- **PROBLEM TO WORK ON**:
Whenever a picture appears in the data, skip it and write out all other material exactly.

- **DATASET EXTRACT**:
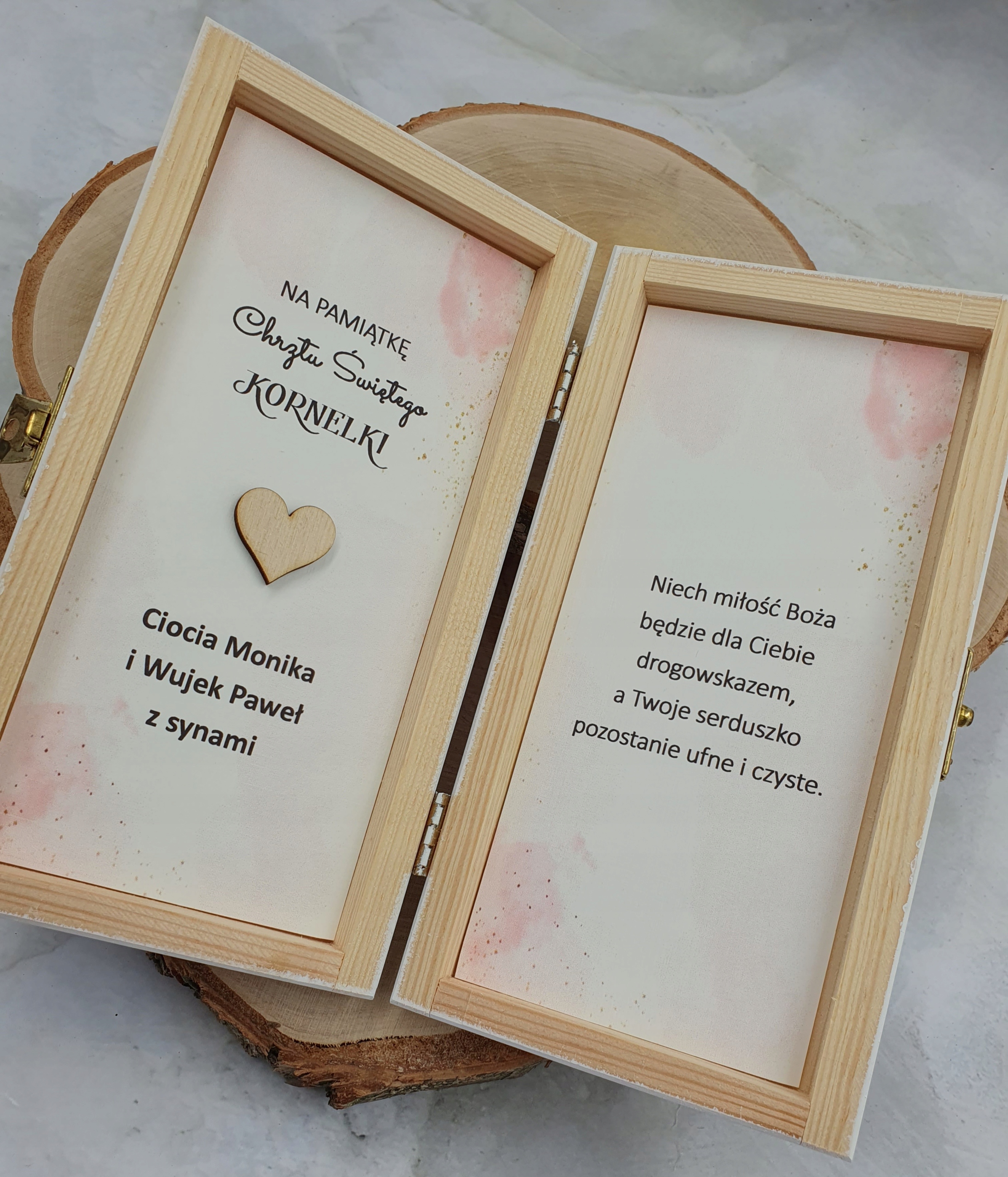 Коробка містить ім'я дитини, а також люди, які дарують подарунок. Ви також можете вибрати багато побажань. Ви можете надіслати своє.
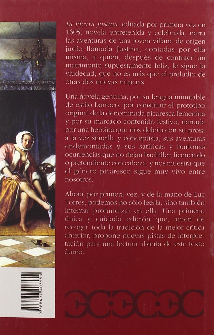 La Pícara Justina, editada por primera vez en 1605, ha estado siempre envuelta en polémicas en torno a su verdadero autor y de ella dijo el Maestro Bataillon que es uno «de los libros más difíciles del Siglo de Oro y una creación fuera de serie en el sector llamado de la novela picaresca». Entretenida y celebrada, narra las aventuras de una joven villana de origen judío llamada Justina, contadas por ella misma, a quien, después de contraer un matrimonio supuestamente feliz, le sigue la viudedad, que no es más que el preludio de otras dos nuevas nupcias cuya narración se anuncia para un segundo tomo. Una novela genuina, por su lengua inimitable de estilo barroco, por constituir el prototipo original de la denominada picaresca femenina y por su marcado contenido festivo, narrada por una heroína que nos deleita con su prosa a la vez sencilla y conceptista, sus aventuras endemoniadas y sus satíricas y burlonas ocurrencias que no dejan bachiller, licenciado o pretendiente con cabeza, y nos muestra que el género picaresco sigue muy vivo entre nosotros, pues aun hoy en cualquier esquina se esconde una Justina y, tras de cualquier libro, una novela picaresca.
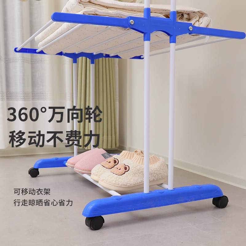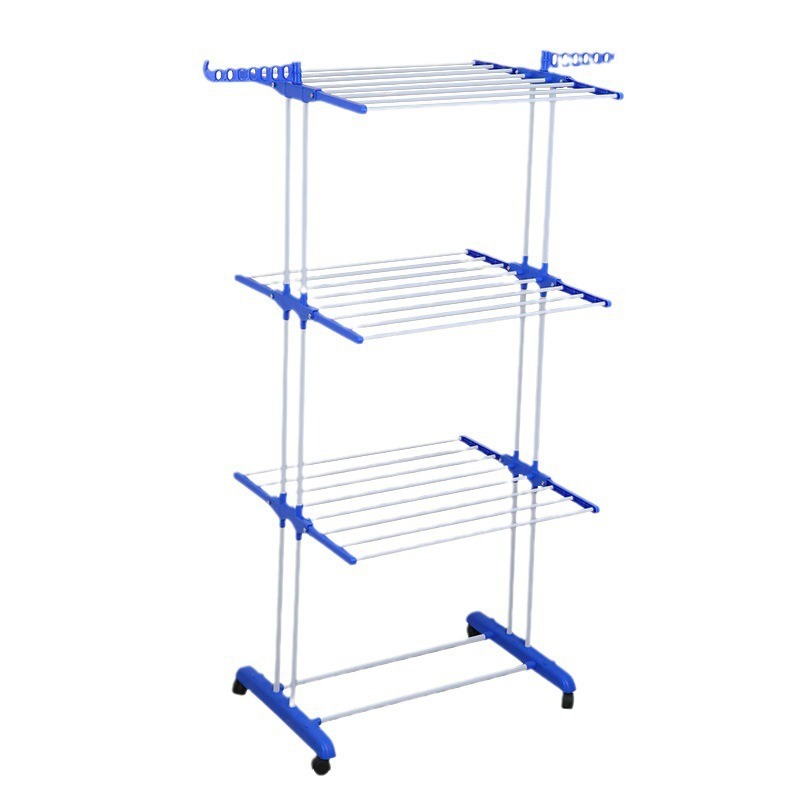 跨境多功能双杆落地晾衣架可移动三层毛巾架翼型可折叠伸缩晾晒架
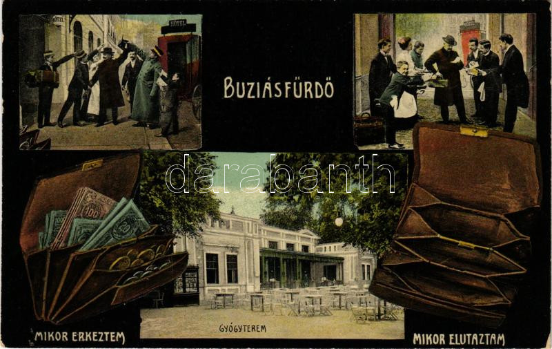 Leírás: Buziásfürdő, Baile Buzias; Gyógyterem, szálloda. Mikor érkeztem - mikor elutaztam humoros montázs. Francz József kiadása / spa hotel. Humour montage (EK)

- **RESPONSE BOX**:
 Коробка містить ім'я дитини, а також люди, які дарують подарунок. Ви також можете вибрати багато побажань. Ви можете надіслати своє.
 La Pícara Justina, editada por primera vez en 1605, ha estado siempre envuelta en polémicas en torno a su verdadero autor y de ella dijo el Maestro Bataillon que es uno «de los libros más difíciles del Siglo de Oro y una creación fuera de serie en el sector llamado de la novela picaresca». Entretenida y celebrada, narra las aventuras de una joven villana de origen judío llamada Justina, contadas por ella misma, a quien, después de contraer un matrimonio supuestamente feliz, le sigue la viudedad, que no es más que el preludio de otras dos nuevas nupcias cuya narración se anuncia para un segundo tomo. Una novela genuina, por su lengua inimitable de estilo barroco, por constituir el prototipo original de la denominada picaresca femenina y por su marcado contenido festivo, narrada por una heroína que nos deleita con su prosa a la vez sencilla y conceptista, sus aventuras endemoniadas y sus satíricas y burlonas ocurrencias que no dejan bachiller, licenciado o pretendiente con cabeza, y nos muestra que el género picaresco sigue muy vivo entre nosotros, pues aun hoy en cualquier esquina se esconde una Justina y, tras de cualquier libro, una novela picaresca.
 跨境多功能双杆落地晾衣架可移动三层毛巾架翼型可折叠伸缩晾晒架
 Leírás: Buziásfürdő, Baile Buzias; Gyógyterem, szálloda. Mikor érkeztem - mikor elutaztam humoros montázs. Francz József kiadása / spa hotel. Humour montage (EK)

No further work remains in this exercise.